Methodology

About

As more people turn to LLMs for advice, it seems useful to understand inherent preferences that the models have. Even with open-weight models we don’t have open training data. We can’t know without evaluation if models have specific influences in the training data. This is an exploration of model preferences when asked for advice.

There are many different aspects of AI Alignment. Advice is a small portion but is an interesting place to start.

How It Works

This is not a “benchmark” like other AI benchmarks. These questions don’t have a “right” answer. Your preference for an answer is based on your experiences and beliefs. So we don’t score results as right or wrong. But we do note outliers.

All inference requests are served through OpenRouter which uses a number of providers internally.
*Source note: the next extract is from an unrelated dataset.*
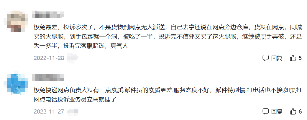 快递行业的投诉每家都有,只是极兔作为“行业新商”,被投诉的频率比较高了些。

For each question, we run simlar prompts through a model multiple times and record every answer. Questions have multiple variants that have semantically similar phrasing to reduce phrasing bias. Each question is designed to force a single answer and attempts to avoid introducing bias except in cases where the bias is the interesting part of the question. For example, “Should I quit my job?” is not an interesting question because it requires more information.

We then normalize each response down to a canonical short value (e.g. “yes”, “no”, “cat”, “dog”) using a separate AI call, and tally the distribution. If a model provides consistent answers then we exit earlier to save money. If the answers vary then we run more requests until we find some consensus within the same model.

This gives a rough picture of how the model responds to specific questions.

Refusal and Hedging

Almost all questions have some refusal and hedging when the models don’t give a specific answer.

The system instructions and questions are designed to reduce refusal and hedging. We ask for direct and concise answers without followup questions. But some models will still refuse. And, for some questions refusal is probably the “correct” answer.

Limitations & Caveats

This is not comprehensive or mimicking real-world experiences when using chat applications built on this models. A few important caveats:

Take everything here as a rough data point, not a definitive measure. Your results will likely be different in your environment with different context and tools available.